Get stem of a word

Syntax

s.stem([flags] [from] [wordlen])

 

Parameters

s - str variable containing the word or words. Unless flag 1 used, it should contain single word, or it can contain multiple words and the word is specified using from and wordlen.

flags:

1 Replace all words. The function breaks words assuming that word characters are a-z, A-Z, 0-9, _.
2 When used with flag 1, replace all nonword characters to spaces.

from - word offset in s. Default: 0 (from the beginng of s).
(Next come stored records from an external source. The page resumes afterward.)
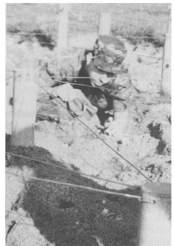
US-Kamerad auf der Hindernisbahn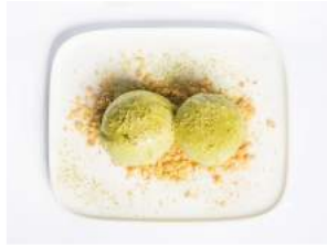
GREEN TEA ICE CREAM 4,50

vihreä tee jäätelö digestiivi murun kanssa / green tea ice cream with digestive crumble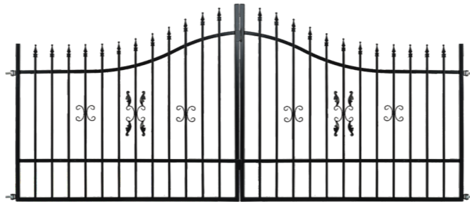
Brána 3,00 m x 1,20-1,50 m 3,50 m x 1,20-1,50 m 4,00 m x 1,20-1,50 m

wordlen - word length. Default: -1 (until the end of s).

 

Remarks

Removes suffix from a word. For example, "worked", "working" and similar word forms are replaced to "work". Supports only English.

 

Added in QM 2.2.1.

 

The function is not to get exact root. It is to get common word form for searching. The result may be shorter, or not exactly match an existing word. For example, "happy" and "happiness" are replaced to "happi". The function usually does not change parts of speech, e.g. "worker" (noun) to "work" (verb). The function is not perfect. For example, it does not replace "found" to "find". It also does not remove prefixes.

 

When using from and wordlen, if the word is not at the end, the function replaces the suffix to space characters. If there was 0 (null) character at the end of the word (for example, after tok), instead replaces the suffix to 0 characters.

 

The function also makes the word lowercase, regardless of whether there was a suffix.

 

Stemming usually is used to find words that may be in any form, for example "work", "works", "worked", "working". For example, Google uses it.

 

Examples

str s="working"
s.stem
out s ;;"work"

s="THEY WORKED WELL"
s.stem(0 5 6)
out s ;;"THEY work   WELL"

str s="it worked well"
str s2="works"
s.stem(1|2)
s2.stem
int i=findw(s s2)
out i